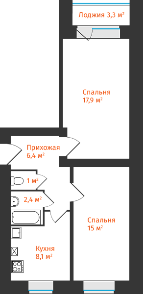 Новая 2-комнатная квартира в ЖК Норские резиденции на 1 этаже площадью 52.40 м² в 2 подъезде номер 18
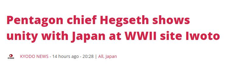 日媒报道:五角大楼负责人赫格塞思在二战纪念仪式上展现了美日团结
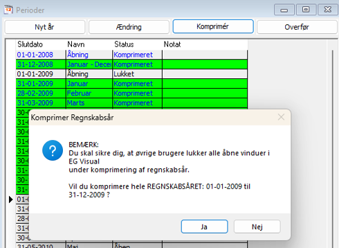 Når hele året er lukket, kan perioderne komprimeres. Bemærk at andre brugere skal lukke EG Visual før komprimeringen kan startes.
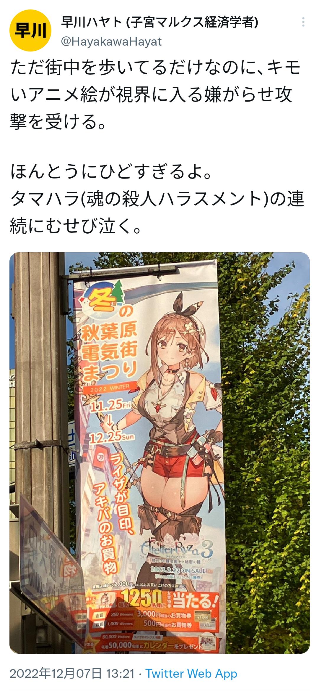 【悲報】ツイフェミさん、秋葉原の『ライザのアトリエ』広告が性的すぎて衝撃「タマハラの連続にむせび泣く。」
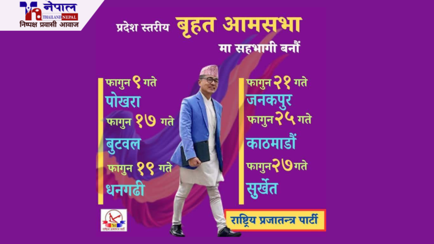 काठमाडौं । राष्ट्रिय प्रजातन्त्र पार्टी (राप्रपा)ले यही फागुन महिनामा प्रदेशस्तरीय आमसभा गर्ने भएको छ ।
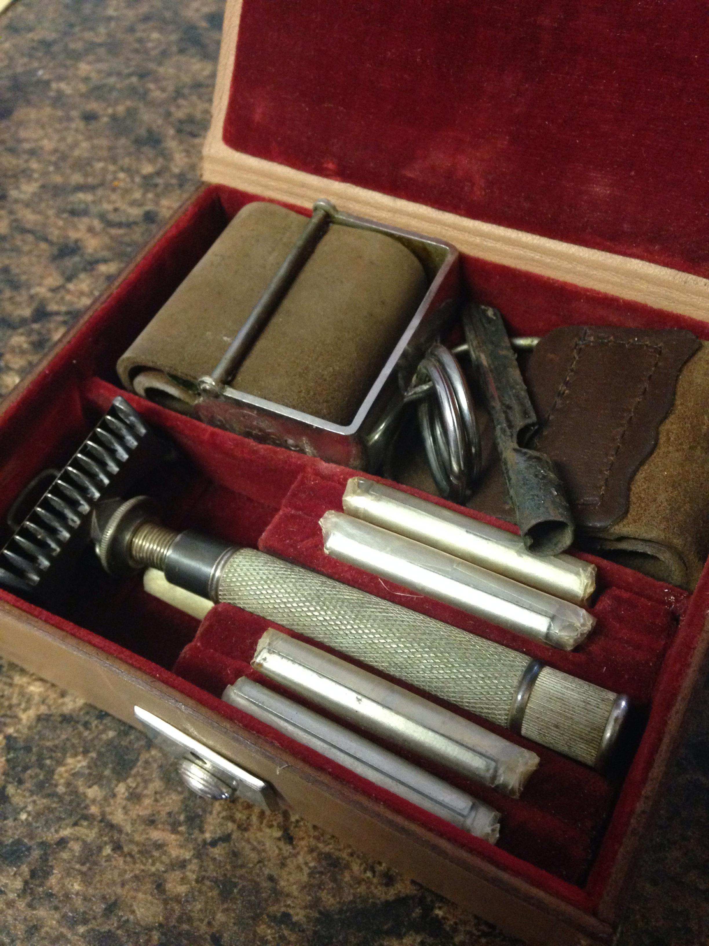 Henckels twin works rapide razor. Leather case in very good to mint condition, comes with original box, the 4 blades that are holstered in the case are still wrapped in plastic, the stropper bar is still wrapped in paper, stropper blade holder shows some wear along with the strop, razor in good condition with nice patina and a blade inside the razor. Comes with a folded paper instructions on how to use the razor and the strop.
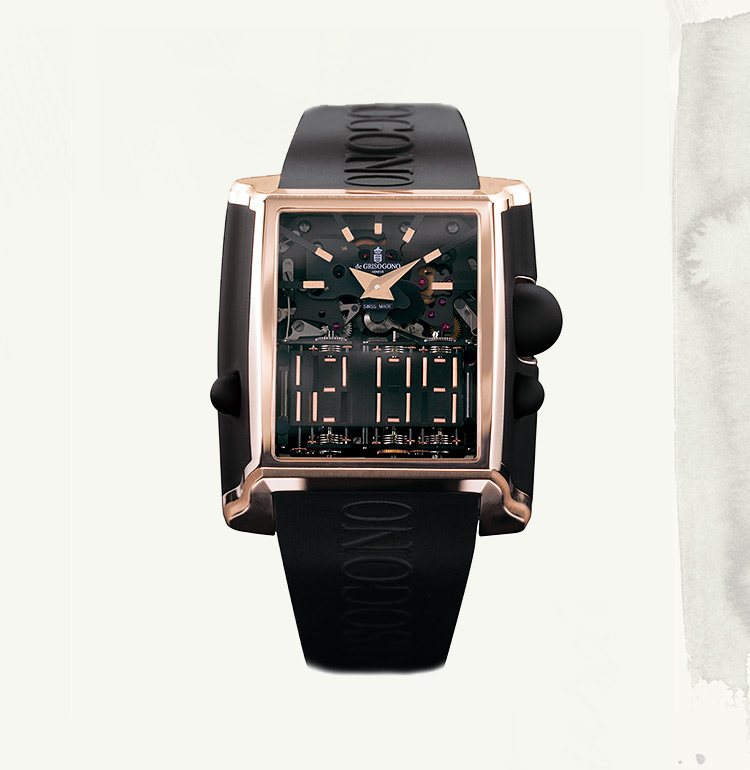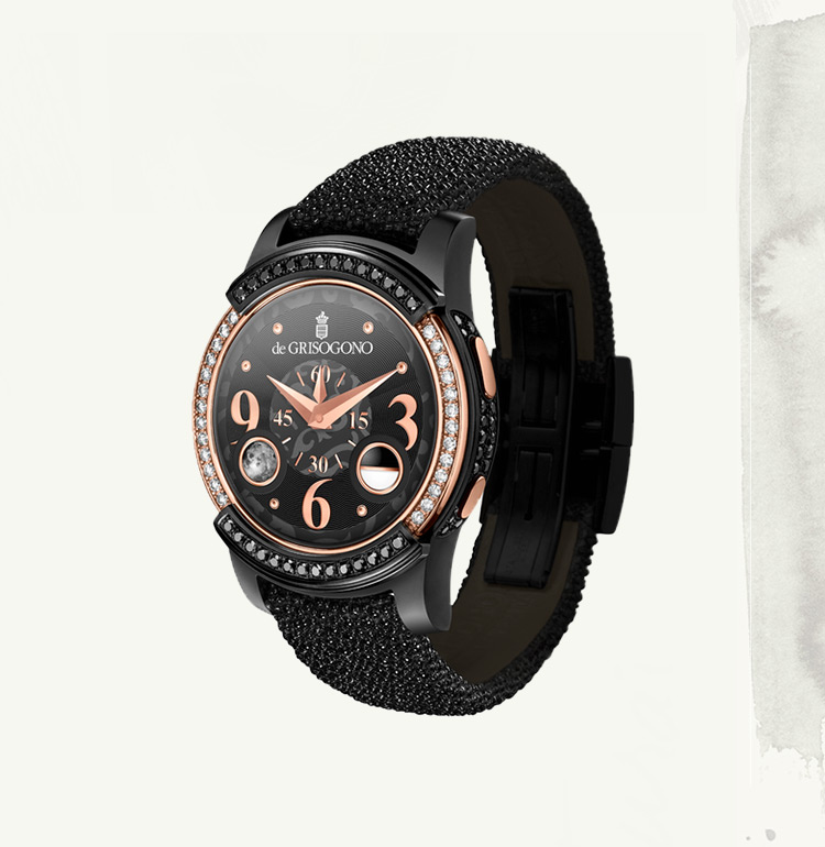 The horological vision of de GRISOGONO embodies an original way of displaying time. Above and beyond formal aesthetics, Fawaz Gruosi has always encouraged innovation, determined to give a new lease of life to the watchmaking tradition. Complications presented in deliberately unconventional ways, designed to channel his vision of time.
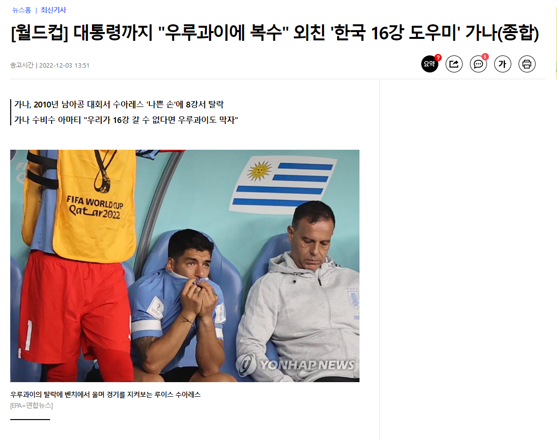 대통령까지 "우루과이에 복수" 외친 "한국 16강 도우미" 가나
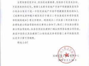 公告內容:為貫徹落實黨中央、國務院決策部署,堅持房子是用來住的、不是用來炒的定位,根據《成都市房地產市場平穩健康發展領導小組辦公室關于進一步促進房地產市場平穩健康發展的通知》《成都市住房和城鄉建設局關于建立二手住房成交參考價格發布機制的通知》等文件精神,現將購買二手住房(再交易住房)辦理住房公積金貸款的相關事項公告如下:購買二手住房辦理住房公積金貸款的,住房價值按住建部門確認的網簽備案合同價款、房屋評估價以及住建部門公布的成交參考價格三者中的最低值認定并計算可貸額度。
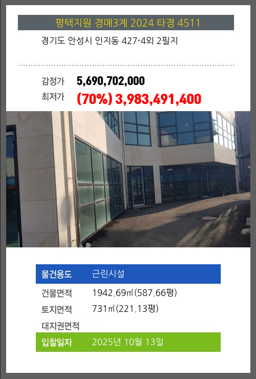 사건번호 2024 타경 4511 본건은 경기도 안성시 인지동 427-4외 2필지소재하는 근린시설경매 물건의 포스팅입니다. 건물면적 [ 1942.69㎡ (587.66평) ]토지면적 [ 731㎡ (221.13평) ] 시세를 반영한 감정가

- **PROBLEM TO WORK ON**
Copy exactly the lines of the listing above between the one holding "日媒报道:五角大楼负责人赫格塞思在二战纪念仪式上展现了美日团结" and the one holding "Henckels twin works", inclusive; omit all pictures.

- **TASK OUTPUT**
 日媒报道:五角大楼负责人赫格塞思在二战纪念仪式上展现了美日团结
 Når hele året er lukket, kan perioderne komprimeres. Bemærk at andre brugere skal lukke EG Visual før komprimeringen kan startes.
 【悲報】ツイフェミさん、秋葉原の『ライザのアトリエ』広告が性的すぎて衝撃「タマハラの連続にむせび泣く。」
 काठमाडौं । राष्ट्रिय प्रजातन्त्र पार्टी (राप्रपा)ले यही फागुन महिनामा प्रदेशस्तरीय आमसभा गर्ने भएको छ ।
 Henckels twin works rapide razor. Leather case in very good to mint condition, comes with original box, the 4 blades that are holstered in the case are still wrapped in plastic, the stropper bar is still wrapped in paper, stropper blade holder shows some wear along with the strop, razor in good condition with nice patina and a blade inside the razor. Comes with a folded paper instructions on how to use the razor and the strop.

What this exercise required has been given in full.